(Data records)

○ ○ ○ ○ ○ ○ ○

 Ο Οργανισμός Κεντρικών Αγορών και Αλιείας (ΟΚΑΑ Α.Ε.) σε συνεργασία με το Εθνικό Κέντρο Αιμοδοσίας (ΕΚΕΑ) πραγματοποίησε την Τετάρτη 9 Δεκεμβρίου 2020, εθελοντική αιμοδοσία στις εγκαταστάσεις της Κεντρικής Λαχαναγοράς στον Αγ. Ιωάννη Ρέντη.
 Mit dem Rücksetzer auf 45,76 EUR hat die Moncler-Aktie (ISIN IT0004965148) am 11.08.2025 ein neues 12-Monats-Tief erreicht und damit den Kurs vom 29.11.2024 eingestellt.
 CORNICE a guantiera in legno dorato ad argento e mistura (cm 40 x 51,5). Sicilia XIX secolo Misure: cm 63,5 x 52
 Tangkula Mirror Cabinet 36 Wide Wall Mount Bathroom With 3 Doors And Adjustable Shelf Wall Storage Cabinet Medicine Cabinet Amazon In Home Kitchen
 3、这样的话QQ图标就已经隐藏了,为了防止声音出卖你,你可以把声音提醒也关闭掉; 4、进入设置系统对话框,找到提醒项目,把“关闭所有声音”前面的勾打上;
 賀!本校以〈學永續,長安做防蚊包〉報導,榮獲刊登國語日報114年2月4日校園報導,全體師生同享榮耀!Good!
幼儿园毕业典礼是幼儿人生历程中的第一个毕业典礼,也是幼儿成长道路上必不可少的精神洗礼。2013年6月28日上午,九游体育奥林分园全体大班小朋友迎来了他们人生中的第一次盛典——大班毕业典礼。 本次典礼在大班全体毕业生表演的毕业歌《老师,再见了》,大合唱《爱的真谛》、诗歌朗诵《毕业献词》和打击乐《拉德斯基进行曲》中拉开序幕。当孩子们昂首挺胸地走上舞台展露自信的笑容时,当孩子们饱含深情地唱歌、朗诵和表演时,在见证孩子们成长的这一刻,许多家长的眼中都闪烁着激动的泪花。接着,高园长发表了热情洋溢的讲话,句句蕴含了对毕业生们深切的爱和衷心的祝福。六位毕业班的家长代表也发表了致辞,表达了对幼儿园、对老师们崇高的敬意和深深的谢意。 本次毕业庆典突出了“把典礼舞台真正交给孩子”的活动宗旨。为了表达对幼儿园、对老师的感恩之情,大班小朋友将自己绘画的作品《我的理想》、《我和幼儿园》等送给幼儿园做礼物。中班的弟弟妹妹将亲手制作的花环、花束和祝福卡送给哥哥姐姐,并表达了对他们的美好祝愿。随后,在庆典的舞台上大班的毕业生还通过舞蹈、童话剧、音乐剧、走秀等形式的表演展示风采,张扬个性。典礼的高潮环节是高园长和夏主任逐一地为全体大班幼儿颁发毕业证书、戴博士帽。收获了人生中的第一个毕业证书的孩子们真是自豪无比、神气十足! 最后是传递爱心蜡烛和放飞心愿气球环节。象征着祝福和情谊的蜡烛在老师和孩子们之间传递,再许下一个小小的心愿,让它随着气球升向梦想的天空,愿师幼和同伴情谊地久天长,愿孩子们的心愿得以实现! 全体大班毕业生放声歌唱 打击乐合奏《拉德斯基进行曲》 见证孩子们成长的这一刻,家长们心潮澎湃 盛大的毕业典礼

○ ○ ○ ○ ○ ○ ○

*YOUR TASK*: Lines from the top of the entries through the line with "賀!本校以〈學永續,長安做防" are to be transcribed exactly, and nothing more.

*ANSWER*:
 Ο Οργανισμός Κεντρικών Αγορών και Αλιείας (ΟΚΑΑ Α.Ε.) σε συνεργασία με το Εθνικό Κέντρο Αιμοδοσίας (ΕΚΕΑ) πραγματοποίησε την Τετάρτη 9 Δεκεμβρίου 2020, εθελοντική αιμοδοσία στις εγκαταστάσεις της Κεντρικής Λαχαναγοράς στον Αγ. Ιωάννη Ρέντη.
 Mit dem Rücksetzer auf 45,76 EUR hat die Moncler-Aktie (ISIN IT0004965148) am 11.08.2025 ein neues 12-Monats-Tief erreicht und damit den Kurs vom 29.11.2024 eingestellt.
 CORNICE a guantiera in legno dorato ad argento e mistura (cm 40 x 51,5). Sicilia XIX secolo Misure: cm 63,5 x 52
 Tangkula Mirror Cabinet 36 Wide Wall Mount Bathroom With 3 Doors And Adjustable Shelf Wall Storage Cabinet Medicine Cabinet Amazon In Home Kitchen
 3、这样的话QQ图标就已经隐藏了,为了防止声音出卖你,你可以把声音提醒也关闭掉; 4、进入设置系统对话框,找到提醒项目,把“关闭所有声音”前面的勾打上;
 賀!本校以〈學永續,長安做防蚊包〉報導,榮獲刊登國語日報114年2月4日校園報導,全體師生同享榮耀!Good!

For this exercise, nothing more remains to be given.